# AIM OF THE TASK:
The material below contains a line with "Si bien Sony" and a line with "Newsletter: the Newsletter". Copy exactly those two lines and all lines between them.

# WORKING DATA:
Start of Block
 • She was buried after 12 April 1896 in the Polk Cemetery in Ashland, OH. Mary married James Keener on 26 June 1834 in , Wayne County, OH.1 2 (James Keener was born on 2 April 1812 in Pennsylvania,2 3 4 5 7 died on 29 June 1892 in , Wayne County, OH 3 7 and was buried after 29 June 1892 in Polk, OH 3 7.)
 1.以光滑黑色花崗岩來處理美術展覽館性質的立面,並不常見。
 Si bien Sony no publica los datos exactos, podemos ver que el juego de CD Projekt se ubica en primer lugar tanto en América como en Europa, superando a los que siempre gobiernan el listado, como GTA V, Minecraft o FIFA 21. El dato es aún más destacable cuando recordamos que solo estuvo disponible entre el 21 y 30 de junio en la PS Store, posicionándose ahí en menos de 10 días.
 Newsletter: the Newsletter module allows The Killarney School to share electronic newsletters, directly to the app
End of Block
Start of Block
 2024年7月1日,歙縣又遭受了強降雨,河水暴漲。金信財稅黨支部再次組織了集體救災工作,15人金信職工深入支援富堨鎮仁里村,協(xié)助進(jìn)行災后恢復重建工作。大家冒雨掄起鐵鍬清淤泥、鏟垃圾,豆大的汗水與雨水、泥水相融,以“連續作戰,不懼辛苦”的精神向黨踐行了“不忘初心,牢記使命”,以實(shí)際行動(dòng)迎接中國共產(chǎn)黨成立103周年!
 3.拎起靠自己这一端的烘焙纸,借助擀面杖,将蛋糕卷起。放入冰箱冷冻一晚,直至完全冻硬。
End of Block
# ANSWER BOX:
 Si bien Sony no publica los datos exactos, podemos ver que el juego de CD Projekt se ubica en primer lugar tanto en América como en Europa, superando a los que siempre gobiernan el listado, como GTA V, Minecraft o FIFA 21. El dato es aún más destacable cuando recordamos que solo estuvo disponible entre el 21 y 30 de junio en la PS Store, posicionándose ahí en menos de 10 días.
 Newsletter: the Newsletter module allows The Killarney School to share electronic newsletters, directly to the app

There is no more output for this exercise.